German energy summit avoids divisive nuclear issue

German energy summit avoids divisive nuclear issue

Germany’s politicians and bosses of the country’s utilities agreed on Monday to put off any decisions on the one energy issue that generates tension inside the governing coalition — the future of atomic power.

“We discussed the fact that internationally nuclear energy is taking on an increasing significance. But at the same time we have a coalition agreement that sticks to phasing out nuclear energy,” Chancellor Angela Merkel told reporters after the government’s second “energy summit”.
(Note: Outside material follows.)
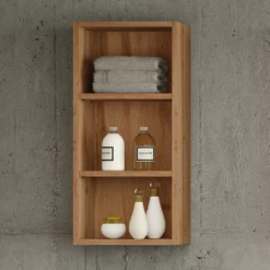 Badkamerrek Malvo 30x18x64cm uit spaanplaat. Met twee legplanken. Afwerking in melamine in eikdecor.
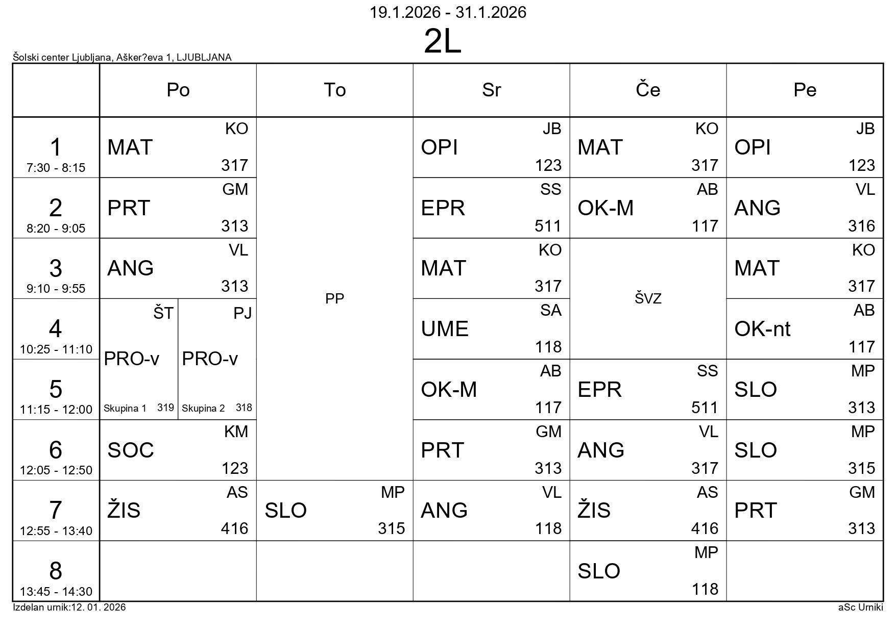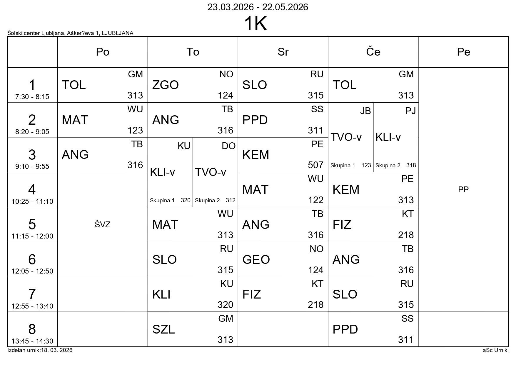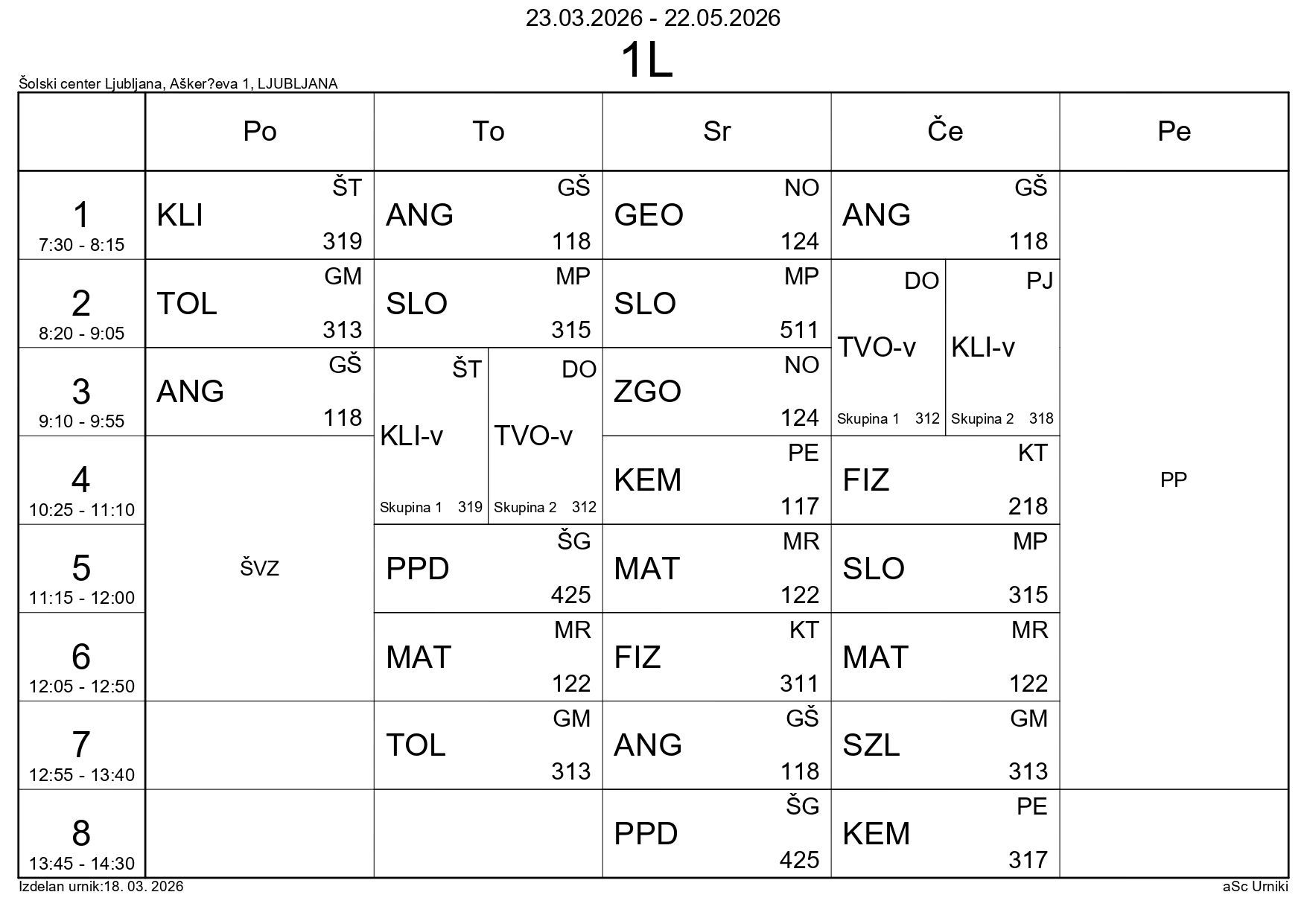 Pouk poteka le v dopoldanski izmeni. Večji del pouka se izvaja v specializiranih učilnicah. Pouk športne vzgoje poteka v šolski telovadnici in v najetih športnih dvoranah.

She said discussion of the issue would be pushed back to the next energy summit in March and reiterated that the law requiring the gradual closure of all of Germany’s nuclear power stations by the early 2020s remained in force.

Some in Merkel’s camp have made no attempt to hide a desire to reopen the issue of phasing out nuclear energy, arguing that it would harm Germany’s competitiveness as an energy producer. The utilities would also like to keep their reactors running.
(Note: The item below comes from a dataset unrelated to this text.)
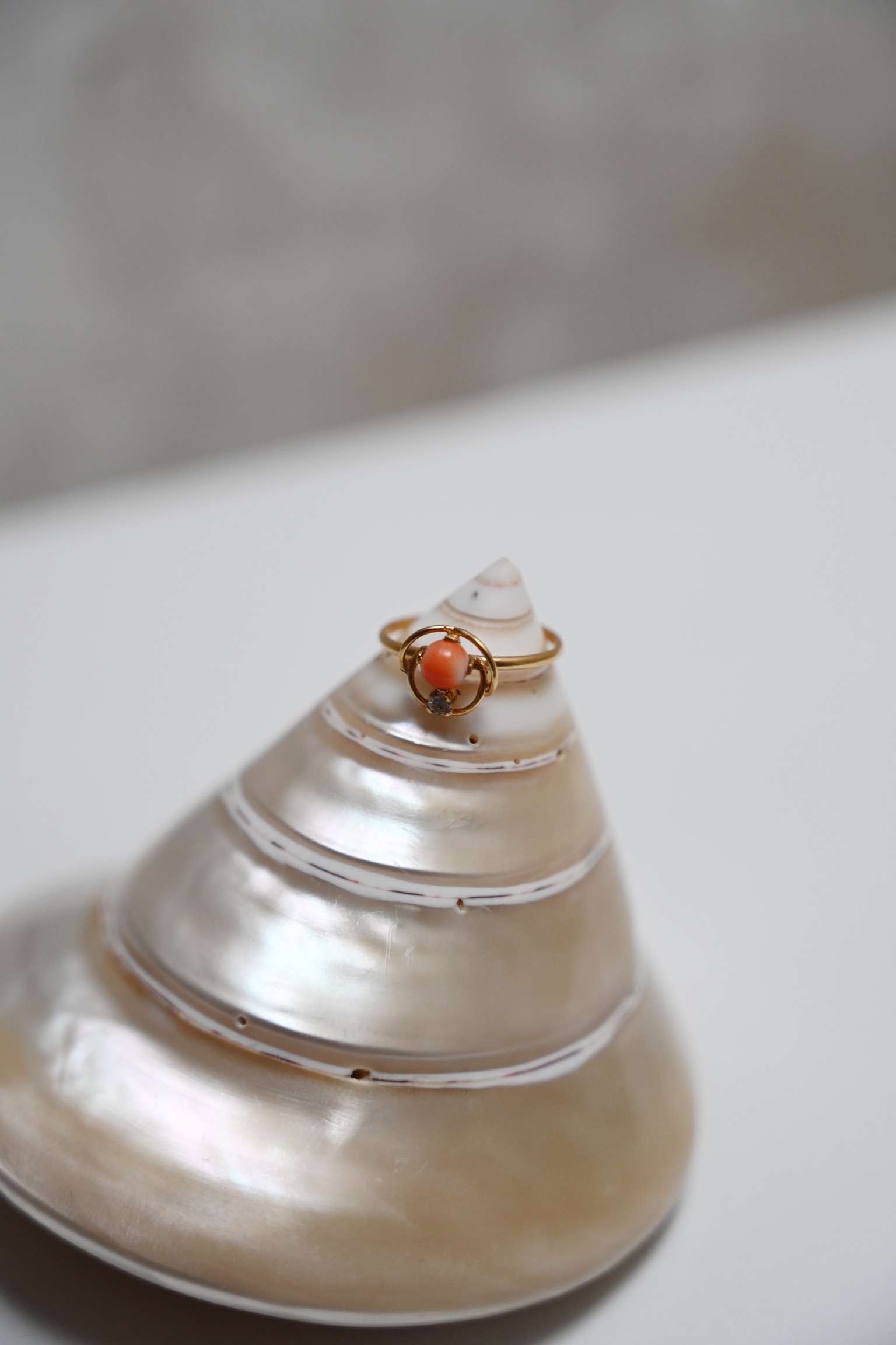 18kt antieke ring met geslepen diamant en Japans koraal.
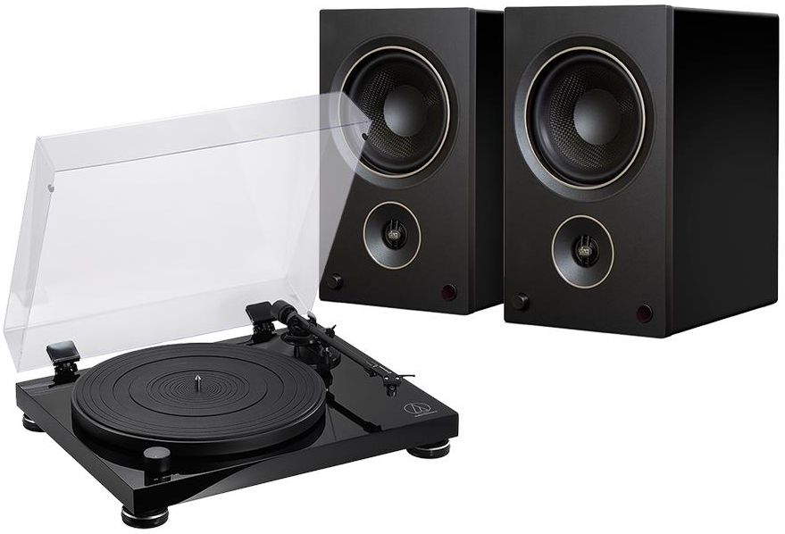 Audio-Technica AT-LPW50PB to w pełni manualny gramofon z napędem paskowym. Projektanci dopełnili wszelkich starań, aby nowa konstrukcja dostarczała wysoką jakość dźwięku z płyt winylowych. W urządzeniu wykorzystano antyrezonansową podstawę z płyty MDF, która wyróżnia się czarnym wykończeniem fortepianowym. Z kolei wbudowany sensor odpowiada za kontrolę silnika, co pozawala zapewnić wysoką precyzję prędkości obrotowej talerza (33 1/3 i 45 obr./min). Inżynierowie wyposażyli AT-LPW50PB w proste ramię z włókna węglowego z matowym wykończeniem i regulacją siły śledzenia. Do ramienia przymocowana została uniwersalna główka AT-HS4 z mocowaniem ½”, a także wkładka Dual MM AT-VM95E. Wkładki gramofonowe Audio-Techniki już od ponad 50 lat cieszą się uznaniem wśród melomanów i są owocem wieloletnich prac badawczo-rozwojowych, mających na celu dostarczenie jak najlepszej jakości dla miłośników krążków winylowych. Jednym z efektów tych badań jest właśnie wysokiej klasy wkładka AT-VM95E z igłą ze szlifem eliptycznym 0,3 x 0,7 mil. Wkładka jest kompatybilna z dowolnym zamiennikiem igły z serii VM95, dzięki czemu użytkownik może dopasować odpowiednią opcję bezpośrednio do swoich oczekiwań. Talerz gramofonu wykonano z aluminium do zagwarantowania maksymalnego poziomu tłumienia drgań. W modelu AT-LPW50PB zastosowano wbudowany przedwzmacniacz gramofonowy. Konstruktorzy sięgnęli również po podwójny kabel RCA, który umożliwia podłączenie gramofonu do urządzeń z lub bez dedykowanego przedwzmacniacza gramofonowego. Gramofon umieszczono na antywibracyjnych nóżkach, dzięki którym możliwe jest dokładne wypoziomowanie gramofonu.  Alpha AM5 to większa z dwóch nowych aktywnych kolumn głośnikowych PSB Speakers. Ten wciąż kompaktowy model wyróżnia się tym, nie potrzebujemy do niego dodatkowej elektroniki – wzmacniacza lub amplitunera. Użytkownik może strumieniować i słuchać ulubionej muzyki, odtwarzając ją bezprzewodowo poprzez Bluetooth aptX HD, wprost ze swojego mobilnego urządzenia – wystarczy sparować źródło z głośnikami i rozpocząć odtwarzanie. Kolumny można bez trudu także podłączyć np. do komputera czy telewizora, zapewniając przy tym mocny dźwięk stereo. Projektanci w obudowie Alpha AM5 (S x W x G: 170 x 290 x 240 mm) umieścili dwa przetworniki – 19-milimetrową jednostkę wysokotonową z aluminiową kopułką chłodzoną ferrofluidem i magnesem neodymowym oraz wspomagany przez układ bas-refleks 133-milimetrowy przetwornik nisko-średniotonowy ze stalowym koszem i gumowym zawieszeniem. Głośniki zasilane są wzmacniaczem o mocy 50 W x 2 (RMS) i umożliwiają odtwarzanie dźwięku z zakresu 55 Hz-20 kHz. Obudowa i przednia ścianka wykonana została z płyty MDF i wykończona jest winylową okleiną. Niezależnie od źródła dźwięku, zastosowane rozwiązania akustyczne zapewniają bogaty, emocjonujący, pełnozakresowy dźwięk. Nowe kolumny wyposażono w wejście optyczne, wejście analogowe 3,5 mm, przedwzmacniacz gramofonowy z wejściem RCA, dzięki czemu do AM5 można podłączyć gramofon bez konieczności stosowania dodatkowych komponentów. Z kolei użytkownicy oczekujący oszałamiającego basu – którego uzyskanie wspomaga wentylowana obudowa (bas-refleks) – mogą również skorzystać z wyjścia subwooferowego i podpiąć zewnętrzny subwoofer. Ponadto uniwersalna konstrukcja sprawia, że Alpha AM5 świetnie sprawdzą się na biurku, półce lub podstawce głośnikowe, pozwalając wypełnić domowe pomieszczenie wspaniałym dźwiękiem. Dodatkowo akustycznie przezroczysta, magnetycznie mocowana maskownica w jednej z dwóch wersji wykończenia (matowy czarny i matowy biały) sprawia, że AM5 z łatwością wtapia się w wystrój dowolnego wnętrza.

Nuclear power, which supplies a third of German electricity, produces virtually no harmful carbon dioxide emissions.

Merkel’s conservative Christian Democrats (CDU), their Bavarian sister party, the Christian Social Union (CSU), and the centre-left Social Democrats (SPD) included adherence to the nuclear phase-out in their 2005 coalition agreement.

Opinion polls show most Germans favour the phase-out.
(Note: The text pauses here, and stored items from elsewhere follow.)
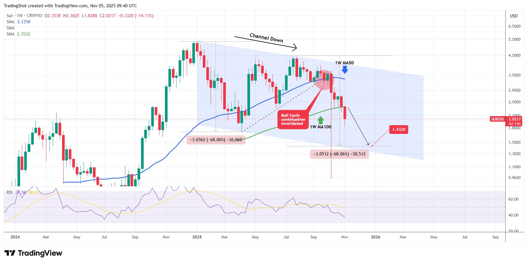 Sui (SUIUSD) hat einen Abwärtstrend (Channel Down) im 1W-Zeitrahmen etabliert und handelt unter den niedrigeren Hochs seit dem Hoch vom 30. Dezember 2024. Der Bullenzyklus wurde am 22. September 2025 ungültig, als der Preis unter die innere höhere Tiefs-Trendlinie (gestrichelt) brach, und diese Woche könnte den neuen Bärenzyklus bestätigen, da es sehr wahrscheinlich ist, dass eine 1W-Kerze unter dem 1W MA100 (grüne Trendlinie) schließt.
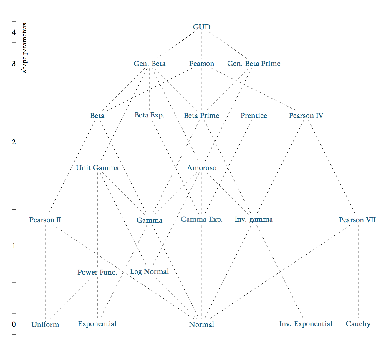 - Over 170 named univariate continuous probability distributions, and at least as many synonyms.
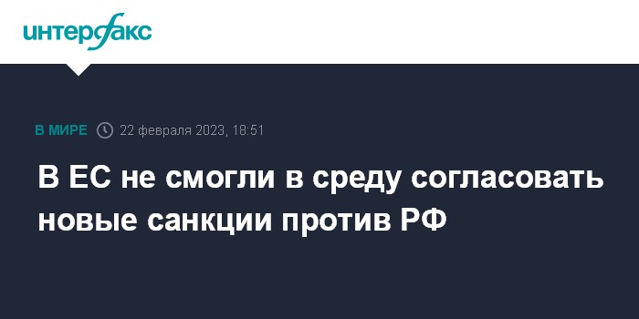 Москва. 22 февраля. INTERFAX.RU - Постпреды стран Евросоюза в среду не достигли договоренностей по новому, десятому пакету санкций в отношении России, сообщают европейские СМИ.
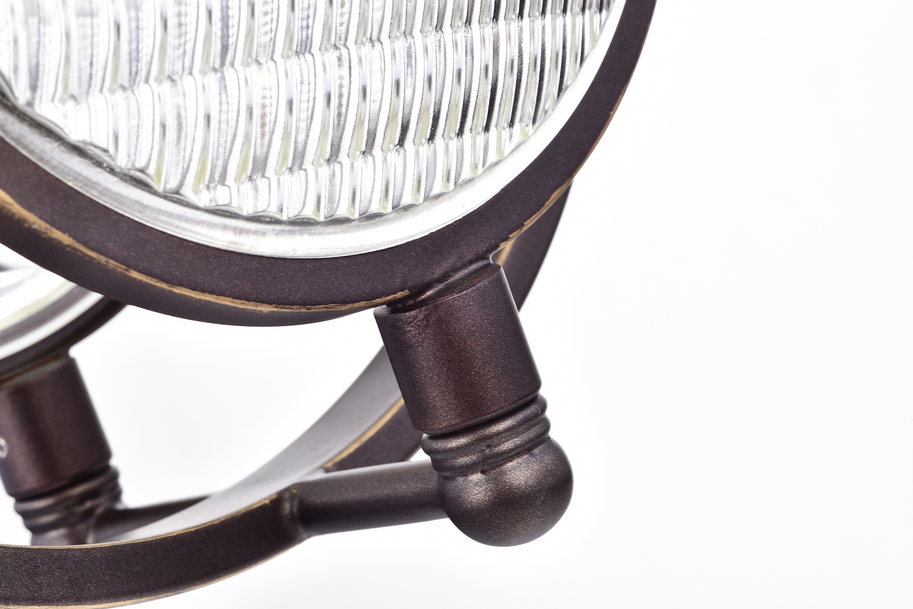 The authentic automobile headlight glass in this modern pendant makes this piece bold and dramatic, perfect for kitchens and man caves. Modern blends with industrial as the light shines through the textured round glass. The oil rubbed bronze hardware finish off this piece and make it a conversation starter.

While few specifics came out of the summit there was a general agreement that Germany’s energy producers needed to become more efficient and competitive.

“The question of competitiveness is a key one,” Merkel said, adding they had agreed on a “goal of doubling Germany’s energy sector’s productivity by 2020.”

Germany’s top utilities — RWE , E.ON , EnBW and Vattenfall Europe — have been criticised by the government for their high prices.

Merkel reiterated that she would make climate change and reducing greenhouse gas emissions a priority when Germany takes over the rotating EU presidency from Finland in January.

The administration of U.S. President George W. Bush has opposed mandatory caps on greenhouse gas emissions aimed at slowing climate change and pulled the United States out of the 160-nation Kyoto Protocol on emissions limits in 2001.

“We need clarity as soon as possible about what will happen with the Kyoto Protocol after 2012,” Merkel said.

Kyoto obliges 35 rich nations to cut emissions by 2012.

She and SPD Environment Minister Sigmar Gabriel reiterated their plan to reduce Germany’s dependency on energy imports and to promote renewable energy sources like solar and wind power.

Merkel said she would discuss the issue of energy security with Russian President Vladimir Putin when they meet on Tuesday.